§ Work instruction: An exact copy of the records is required, minus the pictures they hold.

§ Dataset records:

Start of Block

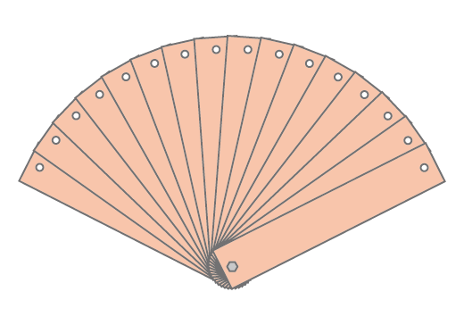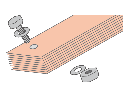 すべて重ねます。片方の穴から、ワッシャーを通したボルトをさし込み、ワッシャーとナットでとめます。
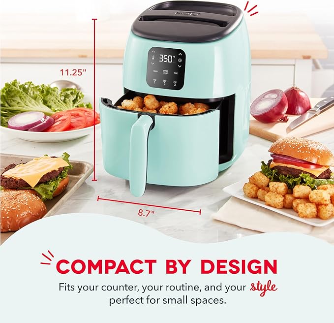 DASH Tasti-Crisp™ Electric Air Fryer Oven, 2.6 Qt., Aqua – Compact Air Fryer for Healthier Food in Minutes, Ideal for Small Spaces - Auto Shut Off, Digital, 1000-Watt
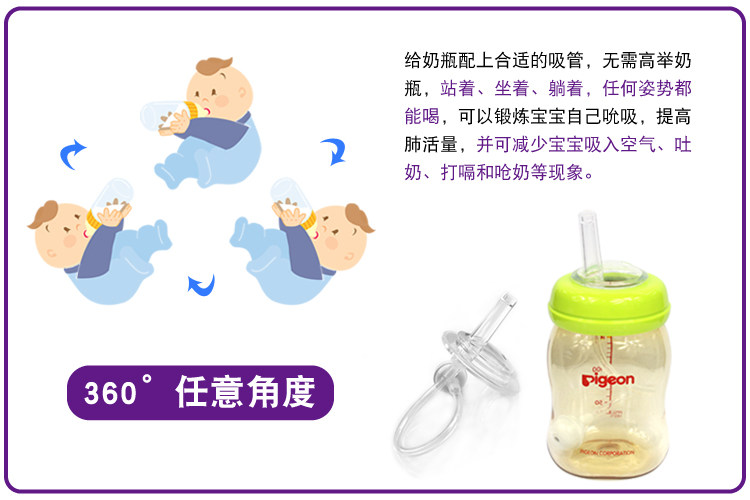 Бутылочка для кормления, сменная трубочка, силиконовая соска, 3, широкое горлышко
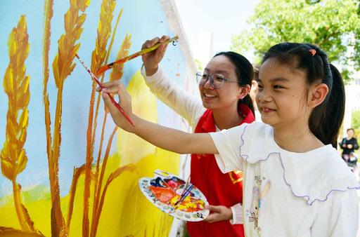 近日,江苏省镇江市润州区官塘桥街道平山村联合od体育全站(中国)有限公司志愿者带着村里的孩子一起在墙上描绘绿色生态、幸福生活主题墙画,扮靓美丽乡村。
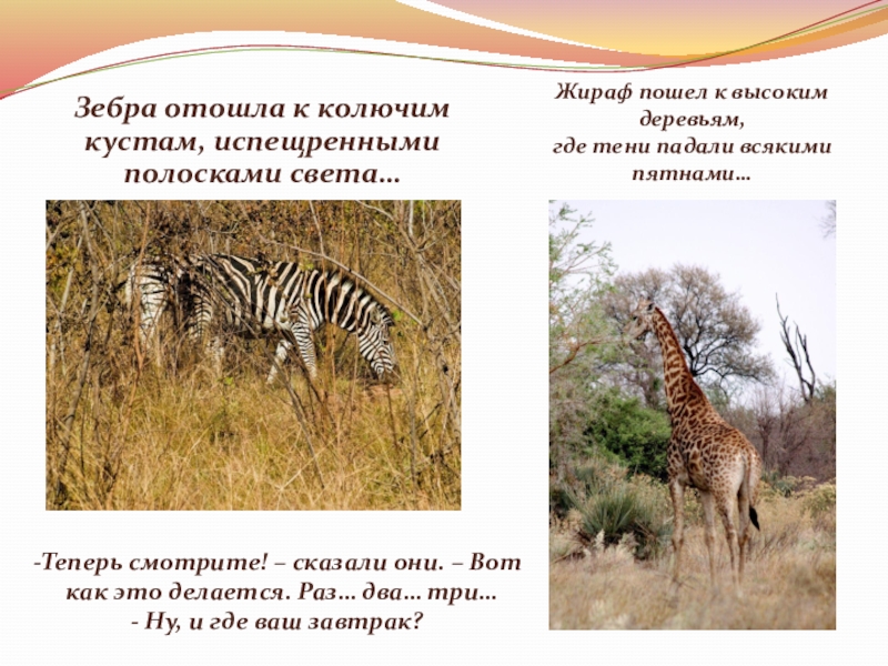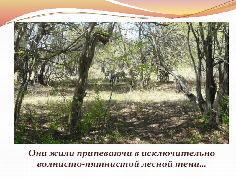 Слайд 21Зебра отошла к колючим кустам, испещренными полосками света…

End of Block

§ Response box:
 すべて重ねます。片方の穴から、ワッシャーを通したボルトをさし込み、ワッシャーとナットでとめます。
 DASH Tasti-Crisp™ Electric Air Fryer Oven, 2.6 Qt., Aqua – Compact Air Fryer for Healthier Food in Minutes, Ideal for Small Spaces - Auto Shut Off, Digital, 1000-Watt
 Бутылочка для кормления, сменная трубочка, силиконовая соска, 3, широкое горлышко
 近日,江苏省镇江市润州区官塘桥街道平山村联合od体育全站(中国)有限公司志愿者带着村里的孩子一起在墙上描绘绿色生态、幸福生活主题墙画,扮靓美丽乡村。
 Слайд 21Зебра отошла к колючим кустам, испещренными полосками света…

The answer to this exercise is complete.